-
Bug
-
Resolution: Unresolved
-
Normal
-
None
-
4.18
-
Moderate
-
None
-
False
-
Description of problem:
When the reboot process is broken a MCDRebootError alert should be raised. Nevertheless, the alert is not raise, and the mcp is degraded with a wrong message E1028 17:22:38.515751 45330 writer.go:226] Marking Degraded due to: failed to update OS to quay.io/mcoqe/layering@sha256:c56f19230be27cbc595d9467bcbc227858e097964ac5e5e7e74c5242aaca61e3: error running rpm-ostree rebase --experimental ostree-unverified-registry:quay.io/mcoqe/layering@sha256:c56f19230be27cbc595d9467bcbc227858e097964ac5e5e7e74c5242aaca61e3: error: Old and new refs are equal: ostree-unverified-registry:quay.io/mcoqe/layering@sha256:c56f19230be27cbc595d9467bcbc227858e097964ac5e5e7e74c5242aaca61e3 If the reboot process is fixed the node cannot be recovered and remains stuck reporting the " Old and new refs are equal" error.

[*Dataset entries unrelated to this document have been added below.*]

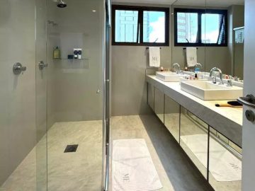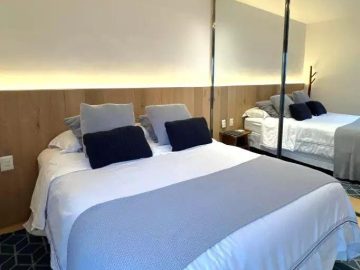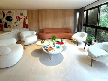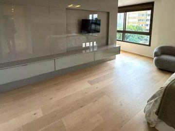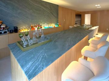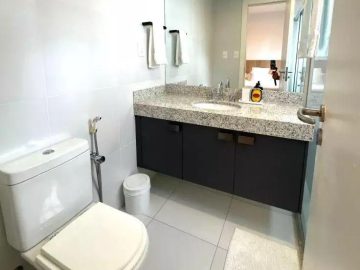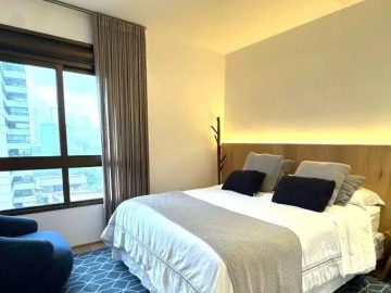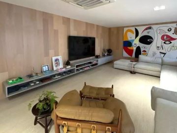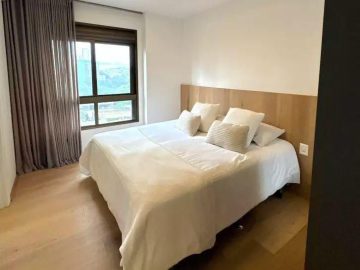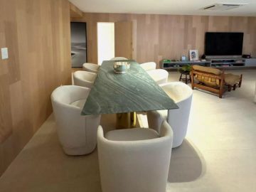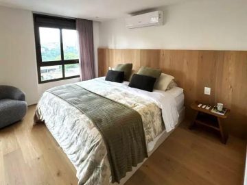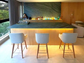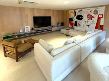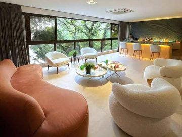 Com sala ampla, lavabo e uma varanda generosa, o imóvel combina elegância e conforto. Os acabamentos são de alto padrão, com piso em limestone, revestimentos em carvalho europeu e mobiliário assinado pela Artefacto, criando ambientes acolhedores e sofisticados.
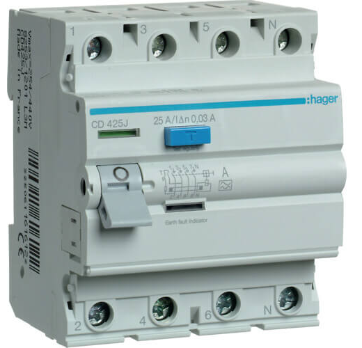 Srovės nuotėkio relė CD426J 4P 25A 30mA
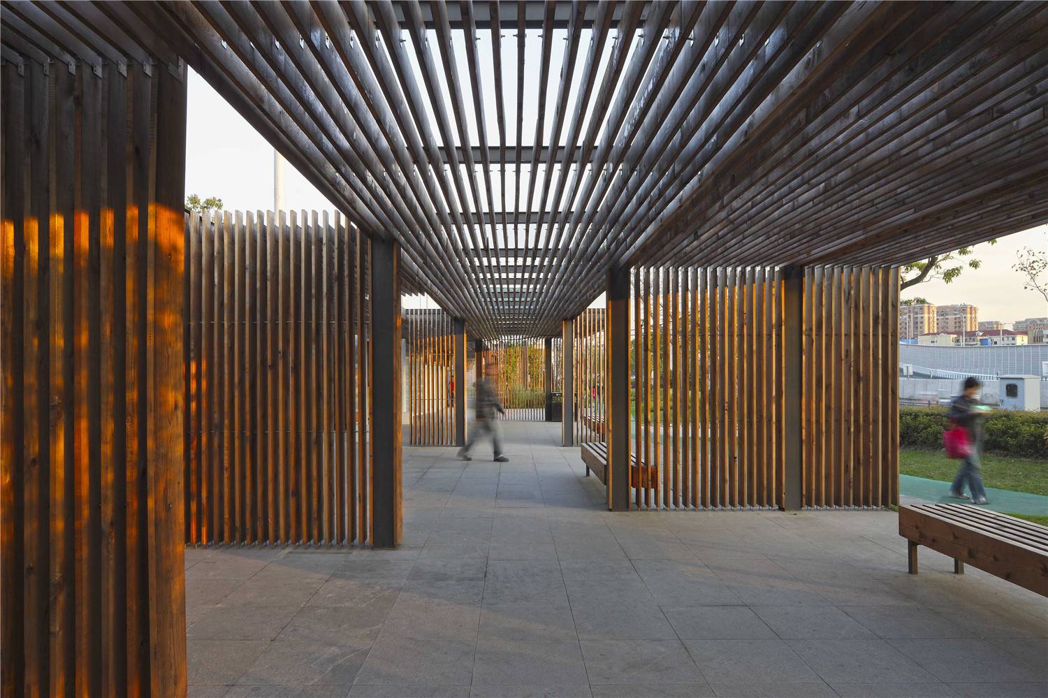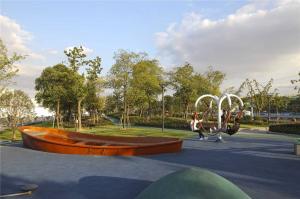 The project includes the renovation of Fenling Park and it’s pavilions, and the creation of a new children’s playground. In recognition of Suzhou Creek’s historical role as a shipping route, this playground integrates components of a former cargo ship into its fabric. A life boat, bollards, and part of a steel hull have been salvaged from a ship wrecking yard in nearby Jiangsu province. Then transported down the Yangtze River and up Suzhou Creek and craned into place to provide a sculptural, historical and sustainable play place.

Version-Release number of selected component (if applicable):
IPI on AWS: $ oc get clusterversion NAME VERSION AVAILABLE PROGRESSING SINCE STATUS version 4.18.0-0.nightly-2024-10-28-052434 True False 8h Error while reconciling 4.18.0-0.nightly-2024-10-28-052434: an unknown error has occurred: MultipleErrors
How reproducible:
Always
Steps to Reproduce:
1. Enable OCL 2. Break the reboot $ oc debug node/$(oc get nodes -l node-role.kubernetes.io/worker -ojsonpath="{.items[0].metadata.name}") -- chroot /host sh -c "mount -o remount,rw /usr; mv /usr/bin/systemd-run /usr/bin/systemd-run2" Starting pod/sregidor-ver1-w48rv-worker-a-rln2vcopenshift-qeinternal-debug ... To use host binaries, run `chroot /host` 3. Wait for a MCDRebootError to be raised and check that the MCP is degraded with message: "reboot command failed, something is seriously wrong"'
Actual results:
The MCDRebootError alert is not raised and the MCP is degraded with the wrong message - lastTransitionTime: "2024-10-28T16:40:43Z" message: 'Node ip-10-0-51-0.us-east-2.compute.internal is reporting: "failed to update OS to quay.io/mcoqe/layering@sha256:c56f19230be27cbc595d9467bcbc227858e097964ac5e5e7e74c5242aaca61e3: error running rpm-ostree rebase --experimental ostree-unverified-registry:quay.io/mcoqe/layering@sha256:c56f19230be27cbc595d9467bcbc227858e097964ac5e5e7e74c5242aaca61e3: error: Old and new refs are equal: ostree-unverified-registry:quay.io/mcoqe/layering@sha256:c56f19230be27cbc595d9467bcbc227858e097964ac5e5e7e74c5242aaca61e3\n: exit status 1"' reason: 1 nodes are reporting degraded status on sync status: "True" type: NodeDegraded
Expected results:
The alert should be raised and the mcp should be degraded with the right message
Additional info:
If OCL is disabled this functionality works as expected.